# BCS: Ružice



## Necsus

Hello again.
Can you tell me what kind of cake _ružice_ is? The English subtitles simply say 'Ruzica cakes'... Here are the lines:

LUNA: Ko još danas tuca orahe, neno draga? 
NENA: K’o da bi mi ružice ispale kako treba sa onim njihovim gotovim smećem. Nema ružice bez dobrog oraha. A nema ni neninog bajrama bez ružica. 

And the English subtitles:

LUNA - Who still cracks their own walnuts, Grandma?
GRANDMOTHER - My Ruzica cakes would not taste right if I used store-bought junk. You can't make Ruzica without good walnuts. And Eid isn't the same without my Ruzica cakes.

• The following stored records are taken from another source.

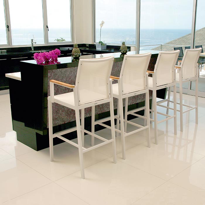 Lovely for use indoors, outdoors or even poolside, perfect for dining and leisure. These Aura high dining carver chairs have a foot bar to keep them sturdy and a protective cover that will resist marking. The arms of these sophisticated chairs are made from teak.
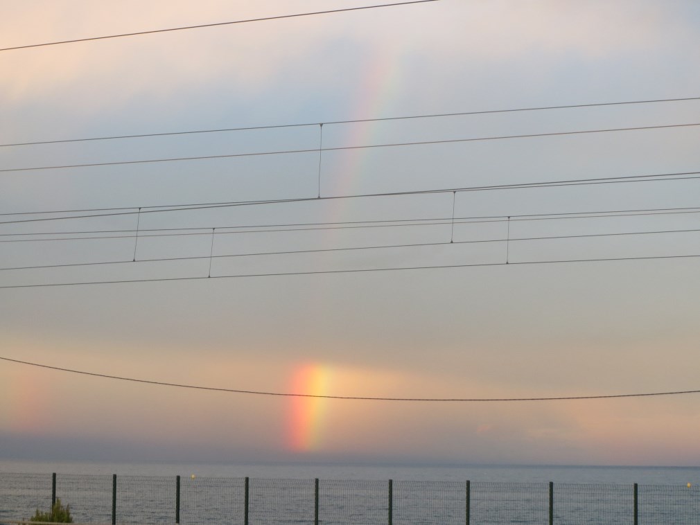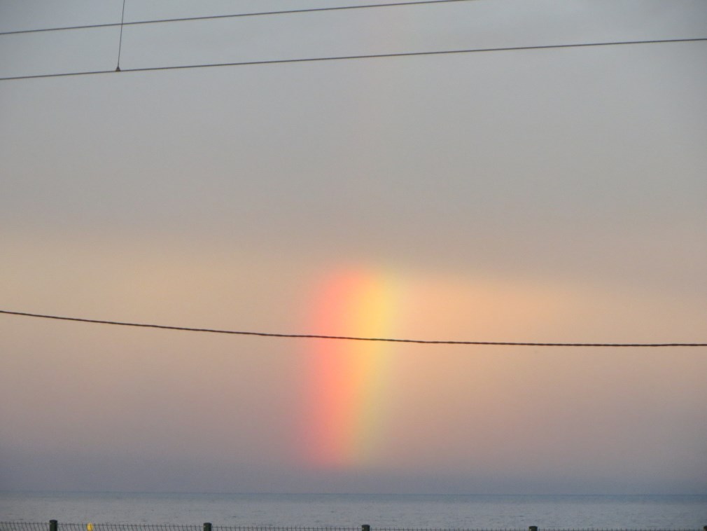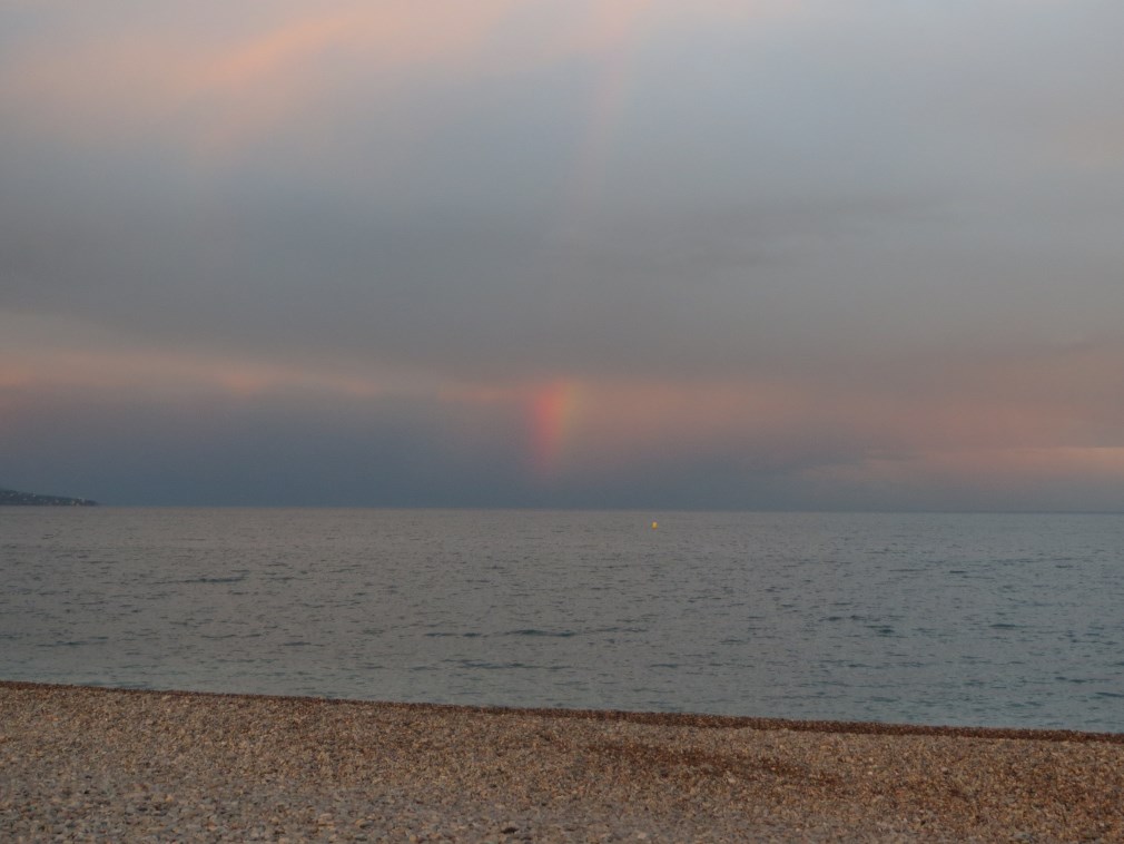Prima di andare a cena andiamo in spiaggia per fotografare un tramonto bellissimo, con arcobaleno e nuvole illuminato di rosso dal sole al tramonto, sembra settembre.
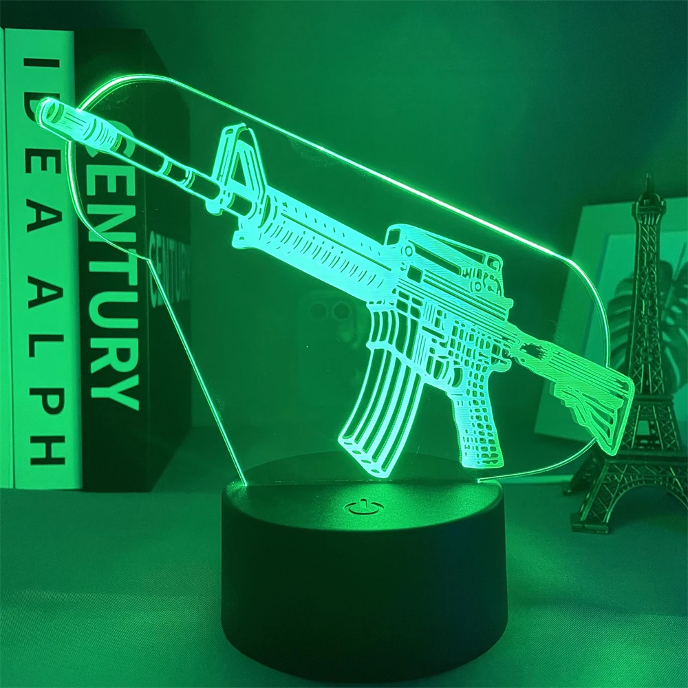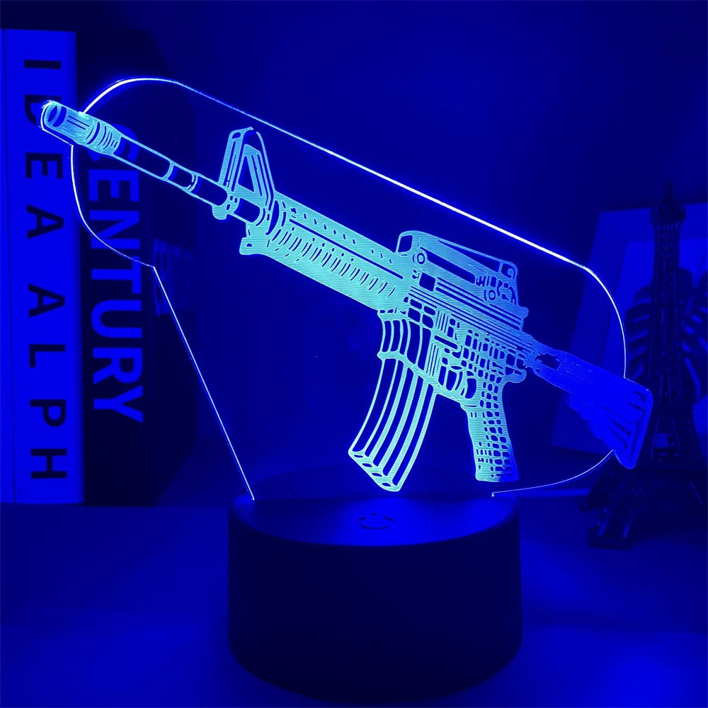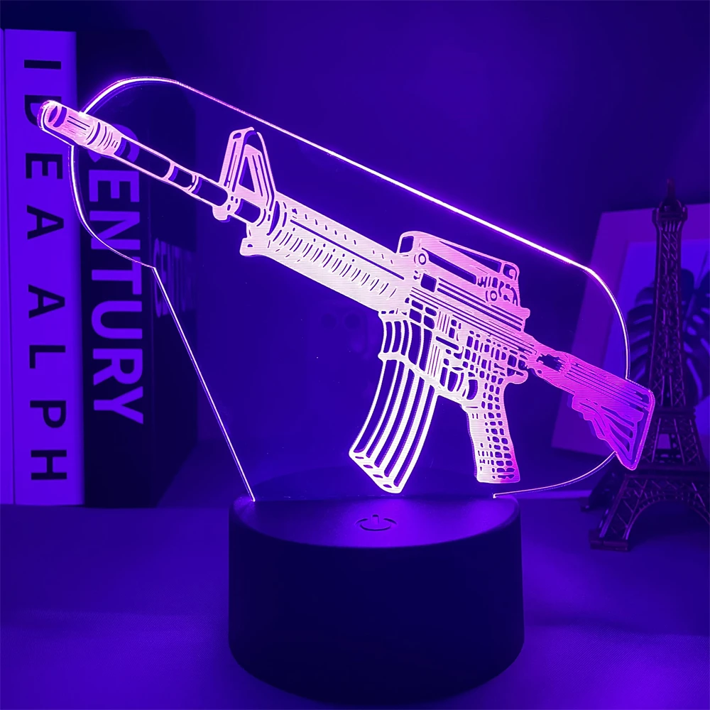 Ночной светильник игровое оружие M4, светодиодный ночсветильник с сенсорным датчиком, меняющий цвет, для кабинета, кровати, декор для детской комнаты, для мальчиков, подарок на день рождения, лампа
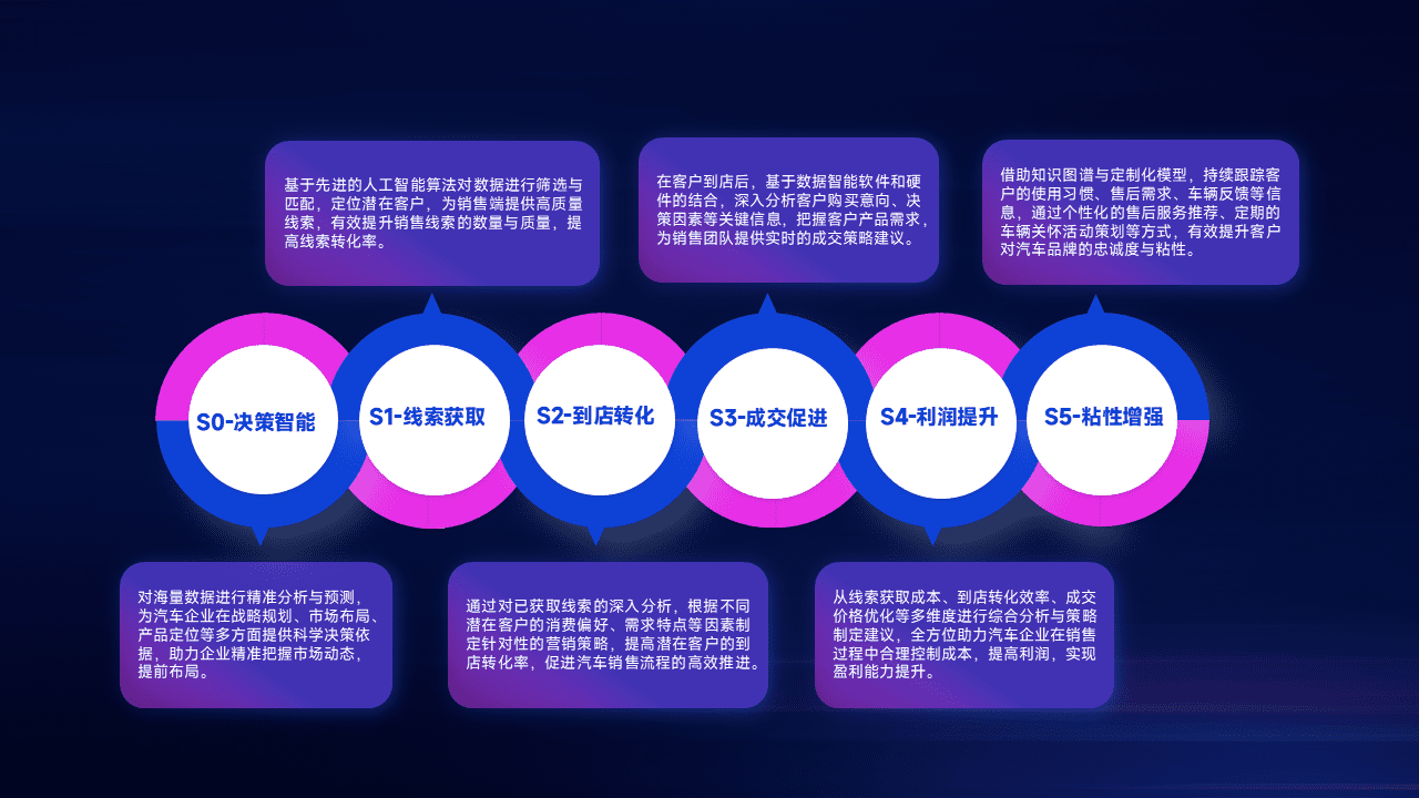 通过拓宽潜在客户来源、、、、优化线索分配并提高到店转化率,,,,以增强销售效率。。同时,,,,利用线索数据不断优化分析模型,,,有效提升转化率,,,,扩大营销影响力。。。。

I also need to know what kind of feast _Eid_ (_bajrama_, I suppose) is, but I'll open a new thread for that.
 
Thanks!


----------



## DenisBiH

Well, it's not exactly a cake...more of a sweet pastry.

If you've ever had _baklava_, then _ružice _would taste similar, but they have a different form. Here is a photo.

For those trying to pronounce it, including those B/C/S native speakers that may not be familiar with it, the sweet is accented ružìce, in contrast to rùžice ("little roses").


----------



## Necsus

Thank you, Denis. So I suppose I have to use the original name in Italian too...


----------



## Orlin

Da li je _ružìce_ pl. tantum ženskog roda?


----------



## DenisBiH

Necsus said:


> Thank you, Denis. So I suppose I have to use the original name in Italian too...




Perhaps, but I wouldn't be surprised if you had something similar in Italian cuisine. I can't link to another forum here, but if you do this search, look for the result "Italian 'Baklava?'", supposedly there may be a similar Italian/Sicilian sweet according to comments there.


----------



## DenisBiH

Orlin said:


> Da li je _ružìce_ pl. tantum ženskog roda?




Ne, ima i jednina, ali se za samo slatko obično koristi množina.


----------



## Necsus

DenisBiH said:


> Perhaps, but I wouldn't be surprised if you had something similar in Italian cuisine. I can't link to another forum here, but if you do this search, look for the result "Italian 'Baklava?'", supposedly there may be a similar Italian/Sicilian sweet according to comments there.


Sorry, I'm not sure, are you saying I can use indifferently _baklava_ or _ružìce _for the Bairam's sweets? However I think I'll use the original name.


----------



## DenisBiH

Necsus said:


> Sorry, I'm not sure, are you saying I can use indifferently _baklava_ or _ružìce _for the Bairam's sweets?.




No, just that there may be an Italian equivalent somewhere in the cookbooks. I see that there is something called roselline that seems to have a similar shape, if not ingredients. Anyway, probably best to stick with the original name, as you say.


----------



## Necsus

Yes. Thank you very much, Denis!


----------